### ABOUT THIS TASK
Could you copy exactly the lines below, beginning at the line with "İlham Əliyev Yevlaxda" and stopping after the line with "Coloring page for", with no pictures?

### RECORD EXTRACTS
+--
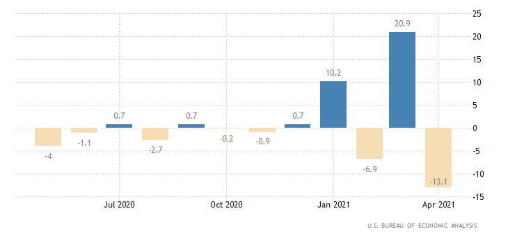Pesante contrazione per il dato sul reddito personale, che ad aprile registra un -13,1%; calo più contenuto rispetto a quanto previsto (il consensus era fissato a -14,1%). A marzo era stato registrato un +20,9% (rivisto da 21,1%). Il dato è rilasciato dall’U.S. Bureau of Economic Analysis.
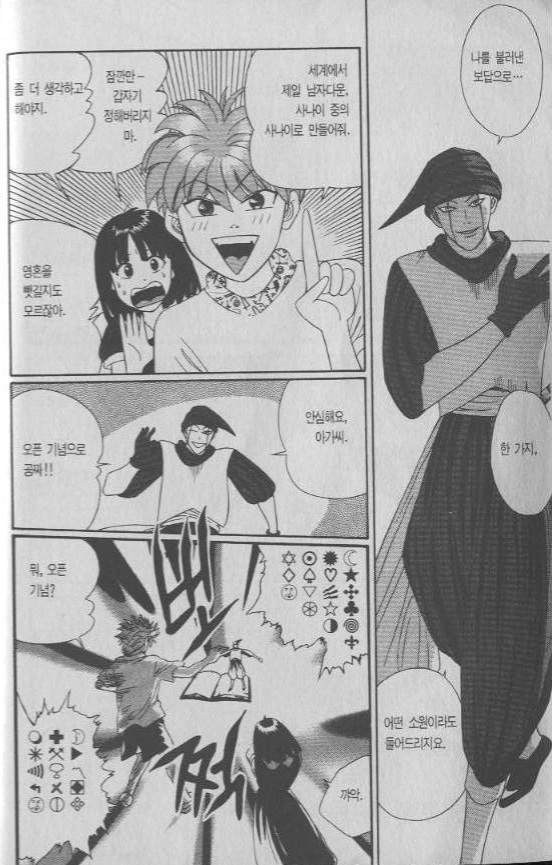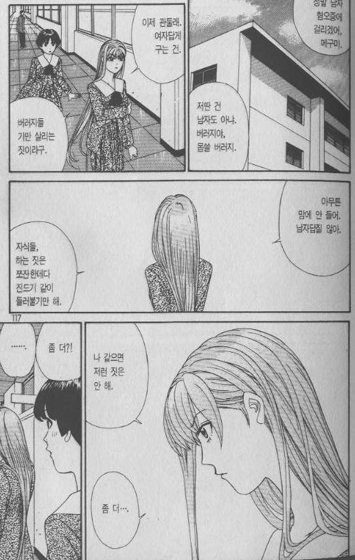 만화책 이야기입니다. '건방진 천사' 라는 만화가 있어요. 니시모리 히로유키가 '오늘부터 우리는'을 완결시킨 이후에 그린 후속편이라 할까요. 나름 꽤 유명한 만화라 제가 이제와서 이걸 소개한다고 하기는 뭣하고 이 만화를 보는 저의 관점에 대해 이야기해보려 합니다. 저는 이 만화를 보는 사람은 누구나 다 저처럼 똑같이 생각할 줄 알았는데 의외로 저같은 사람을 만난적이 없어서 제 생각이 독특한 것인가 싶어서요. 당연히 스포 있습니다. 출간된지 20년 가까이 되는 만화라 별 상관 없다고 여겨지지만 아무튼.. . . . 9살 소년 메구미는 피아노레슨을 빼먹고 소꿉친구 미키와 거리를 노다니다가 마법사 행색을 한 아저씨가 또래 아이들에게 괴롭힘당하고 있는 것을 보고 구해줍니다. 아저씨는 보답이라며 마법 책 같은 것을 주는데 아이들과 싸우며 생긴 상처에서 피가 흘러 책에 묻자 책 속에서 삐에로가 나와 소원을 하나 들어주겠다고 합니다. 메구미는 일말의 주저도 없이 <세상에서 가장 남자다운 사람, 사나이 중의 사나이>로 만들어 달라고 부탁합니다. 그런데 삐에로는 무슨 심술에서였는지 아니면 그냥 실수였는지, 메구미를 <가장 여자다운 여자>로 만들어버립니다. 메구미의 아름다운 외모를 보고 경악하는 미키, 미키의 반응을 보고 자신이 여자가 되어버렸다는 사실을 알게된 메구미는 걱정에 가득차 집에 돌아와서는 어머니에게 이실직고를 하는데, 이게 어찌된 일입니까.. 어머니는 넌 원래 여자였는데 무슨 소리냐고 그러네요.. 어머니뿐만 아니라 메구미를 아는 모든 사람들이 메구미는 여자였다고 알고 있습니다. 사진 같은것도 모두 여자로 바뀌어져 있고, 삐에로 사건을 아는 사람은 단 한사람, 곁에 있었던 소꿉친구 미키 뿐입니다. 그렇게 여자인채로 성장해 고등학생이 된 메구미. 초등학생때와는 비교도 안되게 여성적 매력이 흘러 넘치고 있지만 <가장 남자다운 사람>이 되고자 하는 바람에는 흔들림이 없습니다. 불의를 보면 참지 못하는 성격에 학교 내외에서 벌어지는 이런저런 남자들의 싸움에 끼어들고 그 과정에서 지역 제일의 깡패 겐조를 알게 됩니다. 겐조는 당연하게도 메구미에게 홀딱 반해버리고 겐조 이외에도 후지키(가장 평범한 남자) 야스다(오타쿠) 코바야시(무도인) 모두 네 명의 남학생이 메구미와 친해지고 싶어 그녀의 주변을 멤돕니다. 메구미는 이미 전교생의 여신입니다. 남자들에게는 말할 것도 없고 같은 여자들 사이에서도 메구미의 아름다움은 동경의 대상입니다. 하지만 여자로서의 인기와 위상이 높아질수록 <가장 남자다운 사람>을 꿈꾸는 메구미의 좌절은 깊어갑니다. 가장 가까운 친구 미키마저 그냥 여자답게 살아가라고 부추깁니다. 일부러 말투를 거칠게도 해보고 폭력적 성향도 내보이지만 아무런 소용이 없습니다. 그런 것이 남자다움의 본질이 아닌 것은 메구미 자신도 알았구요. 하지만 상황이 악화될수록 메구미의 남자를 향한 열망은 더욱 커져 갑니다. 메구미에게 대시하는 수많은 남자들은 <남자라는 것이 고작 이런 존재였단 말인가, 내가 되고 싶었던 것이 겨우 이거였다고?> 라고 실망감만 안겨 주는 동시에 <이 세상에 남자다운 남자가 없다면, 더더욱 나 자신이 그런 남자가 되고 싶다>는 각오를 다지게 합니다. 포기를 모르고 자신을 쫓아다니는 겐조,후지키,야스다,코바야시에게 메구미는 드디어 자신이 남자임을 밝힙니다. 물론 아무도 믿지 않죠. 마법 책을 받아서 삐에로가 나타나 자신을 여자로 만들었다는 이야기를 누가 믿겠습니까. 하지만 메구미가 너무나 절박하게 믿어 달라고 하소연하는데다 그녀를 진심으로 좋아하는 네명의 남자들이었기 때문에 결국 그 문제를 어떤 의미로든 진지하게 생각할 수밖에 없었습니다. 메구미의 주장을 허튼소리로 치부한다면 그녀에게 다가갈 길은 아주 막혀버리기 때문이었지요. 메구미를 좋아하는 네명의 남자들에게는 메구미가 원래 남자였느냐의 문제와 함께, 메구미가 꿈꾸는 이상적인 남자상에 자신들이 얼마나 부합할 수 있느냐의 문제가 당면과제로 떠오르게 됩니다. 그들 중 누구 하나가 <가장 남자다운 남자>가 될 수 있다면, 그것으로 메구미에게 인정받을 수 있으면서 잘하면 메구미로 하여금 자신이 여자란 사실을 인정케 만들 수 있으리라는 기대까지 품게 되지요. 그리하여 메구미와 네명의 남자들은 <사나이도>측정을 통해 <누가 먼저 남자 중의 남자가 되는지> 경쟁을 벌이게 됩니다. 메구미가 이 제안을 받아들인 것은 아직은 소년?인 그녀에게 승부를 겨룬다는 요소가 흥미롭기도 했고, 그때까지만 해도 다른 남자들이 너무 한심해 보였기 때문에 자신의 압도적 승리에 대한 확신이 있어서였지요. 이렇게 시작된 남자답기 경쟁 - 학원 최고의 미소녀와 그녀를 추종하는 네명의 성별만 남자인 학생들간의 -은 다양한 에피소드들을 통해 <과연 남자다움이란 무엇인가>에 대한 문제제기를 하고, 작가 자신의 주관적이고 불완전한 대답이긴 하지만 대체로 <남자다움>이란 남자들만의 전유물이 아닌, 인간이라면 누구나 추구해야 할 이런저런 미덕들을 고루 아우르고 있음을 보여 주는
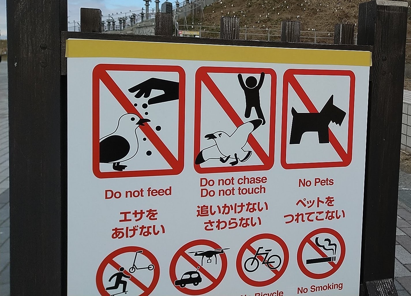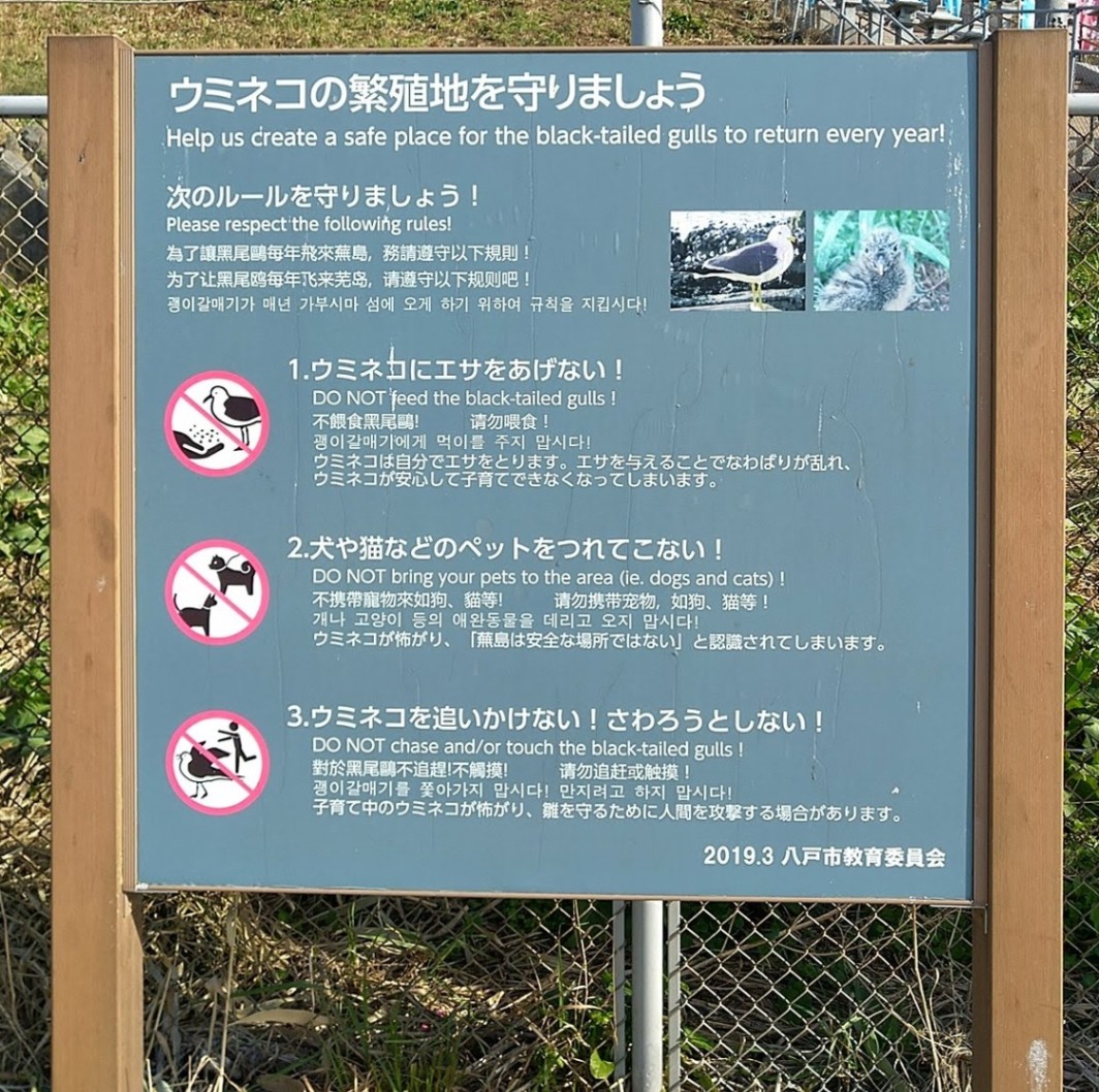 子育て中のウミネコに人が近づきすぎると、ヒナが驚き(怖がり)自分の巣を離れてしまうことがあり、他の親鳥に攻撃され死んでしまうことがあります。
+--
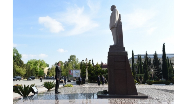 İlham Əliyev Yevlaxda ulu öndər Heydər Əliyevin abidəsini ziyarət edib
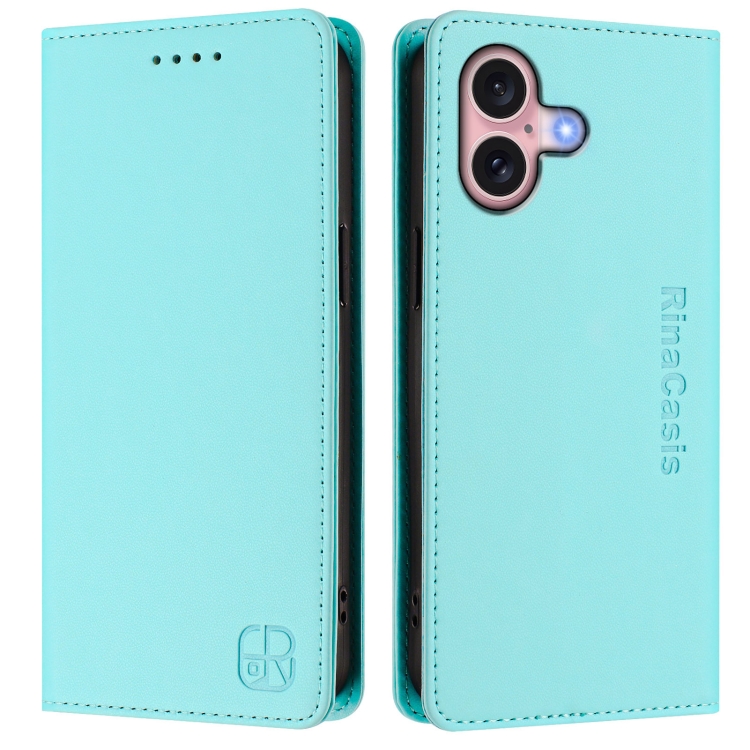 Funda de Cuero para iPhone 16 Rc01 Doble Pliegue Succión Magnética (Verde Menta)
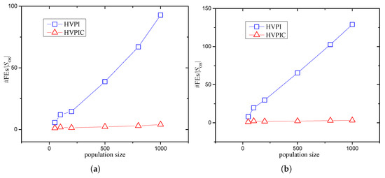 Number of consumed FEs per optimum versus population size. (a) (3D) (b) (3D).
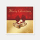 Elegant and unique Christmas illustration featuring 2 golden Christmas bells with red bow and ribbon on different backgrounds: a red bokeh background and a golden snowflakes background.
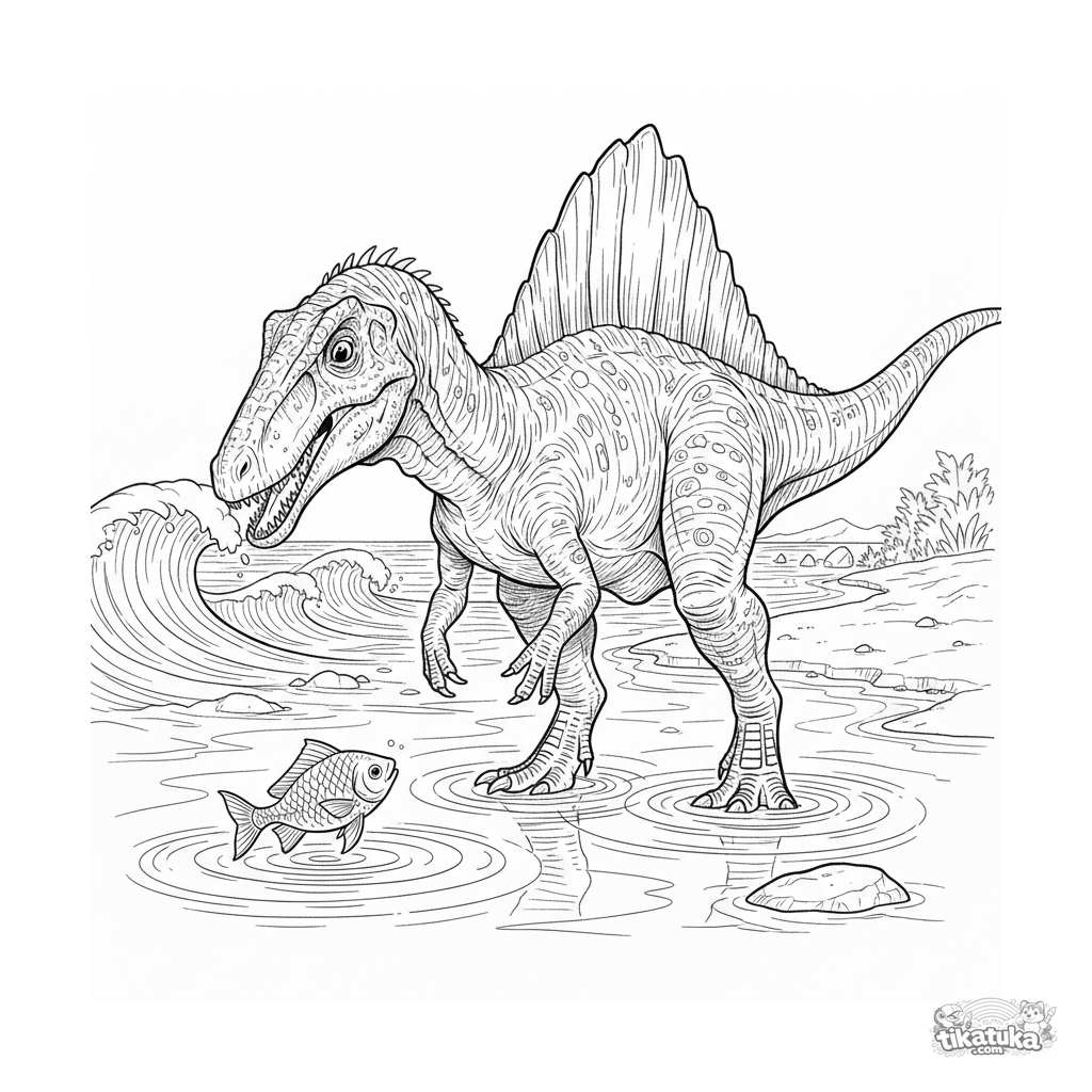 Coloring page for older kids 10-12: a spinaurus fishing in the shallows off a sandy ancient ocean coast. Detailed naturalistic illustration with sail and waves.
+--
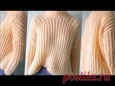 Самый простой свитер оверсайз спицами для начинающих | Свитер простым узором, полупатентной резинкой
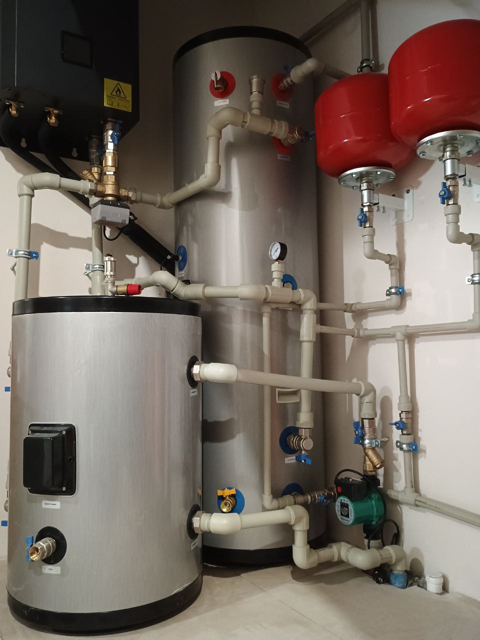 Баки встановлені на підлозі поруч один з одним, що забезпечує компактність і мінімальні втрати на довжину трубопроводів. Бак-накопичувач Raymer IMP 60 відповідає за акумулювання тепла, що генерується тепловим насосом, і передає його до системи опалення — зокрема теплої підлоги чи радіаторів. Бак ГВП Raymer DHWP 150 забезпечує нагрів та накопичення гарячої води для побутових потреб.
+--
### SOLUTION TO THE EXERCISE
 İlham Əliyev Yevlaxda ulu öndər Heydər Əliyevin abidəsini ziyarət edib
 Funda de Cuero para iPhone 16 Rc01 Doble Pliegue Succión Magnética (Verde Menta)
 Number of consumed FEs per optimum versus population size. (a) (3D) (b) (3D).
 Elegant and unique Christmas illustration featuring 2 golden Christmas bells with red bow and ribbon on different backgrounds: a red bokeh background and a golden snowflakes background.
 Coloring page for older kids 10-12: a spinaurus fishing in the shallows off a sandy ancient ocean coast. Detailed naturalistic illustration with sail and waves.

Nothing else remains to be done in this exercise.